--- START ---
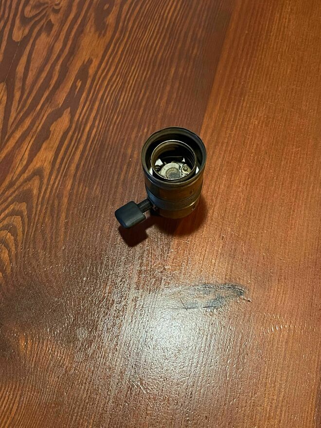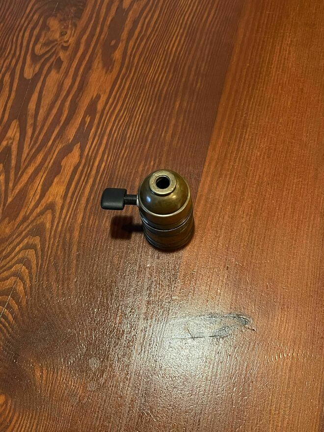 Stara mosiężna oprawka z wyłącznikiem, gwint żarówki E27, kompletna i sprawna. Oprawka była naprawianacena 65 zł dotyczy 1 sztuki
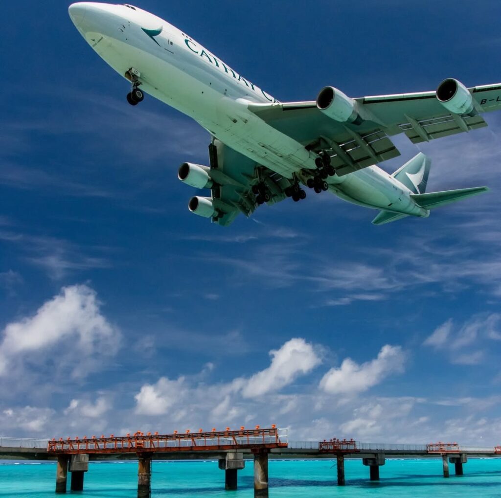 下地島空港の滑走路の端(方位170度)に位置するので、タイミングが合えば離着陸する飛行機が間近で見れます。
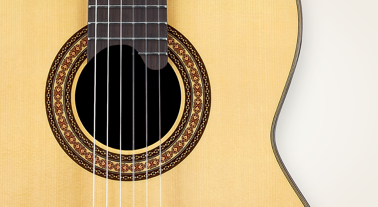 Mosaic design rosette is use, exquisite layered patterns, and colorful. They are design for the elegant classical guitars. Rosewood binding is use, and protect the body against impact.
--- END ---
Goal of the exercise:
This exercise asks for the data above to be given again exactly, without pictures.

Response to this task:
 Stara mosiężna oprawka z wyłącznikiem, gwint żarówki E27, kompletna i sprawna. Oprawka była naprawianacena 65 zł dotyczy 1 sztuki
 下地島空港の滑走路の端(方位170度)に位置するので、タイミングが合えば離着陸する飛行機が間近で見れます。
 Mosaic design rosette is use, exquisite layered patterns, and colorful. They are design for the elegant classical guitars. Rosewood binding is use, and protect the body against impact.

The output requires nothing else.